We chose the main S&P 500 sectors, as represented by the Select SPDR®. Within each sector we chose five stocks from the top ten holdings. We started with the top five, but if the data wasn't available or plain wrong, we moved down the list. For the API, we eventually settled on using SimFin. It didn't have the longest time series, but it had the fewest errors. There was some missing data, but that had more to do with the feed, and we were able to correct those issues programmatically. Having spent years adjusting financial statement items from different data providers, believe us when we tell you it's an arduous task.

Having worked through all the APIs and wrangling, we settled on the five stocks from each of the following ETFs: XLF, XLI, XLE, XLK, XLV, XLY, XLP, XLB, XLU, and XLC. The dataset covers five years of quarterly data starting in 2019. We use 2019-2022 as the training period and then forecast the next four quarters for 2023. Some companies have non-calendar quarter ends—retail mostly. For those we associate the fiscal quarters with the calendar quarter in which a majority of the data falls. For example, for companies with a January 31st quarter end, we reposition the data to align with a December 31 quarter end. We also index the data to the beginning of the period for three reasons. First, it makes graphing the revenues of 50 companies easier to read. Second, it shows the relative differences in growth rates within and across industries. Finally, comparisons are just easier with everything is indexed to 100. We show the indexed training set below.

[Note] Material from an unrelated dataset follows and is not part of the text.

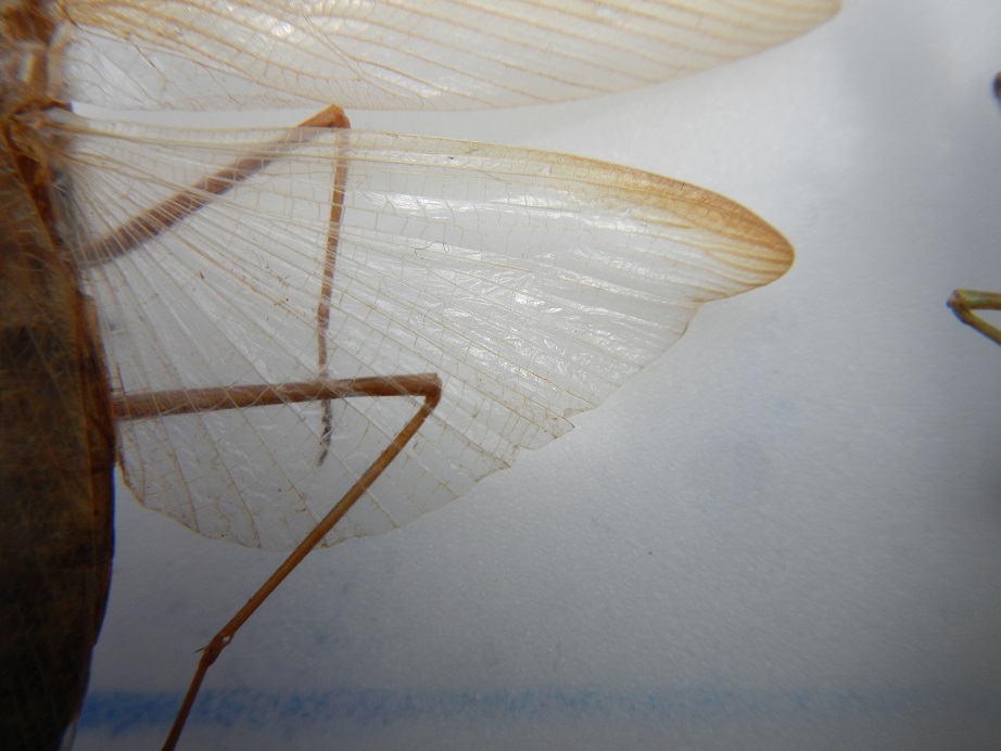 Inconfondibile per le tegmine ialine eccetto l'area costale, talvolta con riflessi argentei. Dimensioni molto piccole (maschio 58 mm).

Now the trick is where do we start and what's the benchmark? Typically, the benchmark would be a naïve model in which we simply use the last value as the prediction. Since we're forecasting four steps ahead, that means the last value is repeated four times. We think this is actually too naïve. Even bad analysts would never do that. But we have to establish a baseline, even if it seems like it should be easy to beat. If public companies can issue guidance that they plan to beat, which everyone knows, and then they take a victory lap when they beat it, why can't we do the same! For now, we'll straight-line the forecasts. We then calculate individual stock and aggregate sector root mean-squared error (RMSE) and a scaled RMSE, which is RMSE divided by the average actual value. The scaled RMSE gives one a better perspective on how far the forecasts are in percentage terms. We show the scaled RMSE for each sector in the graph below.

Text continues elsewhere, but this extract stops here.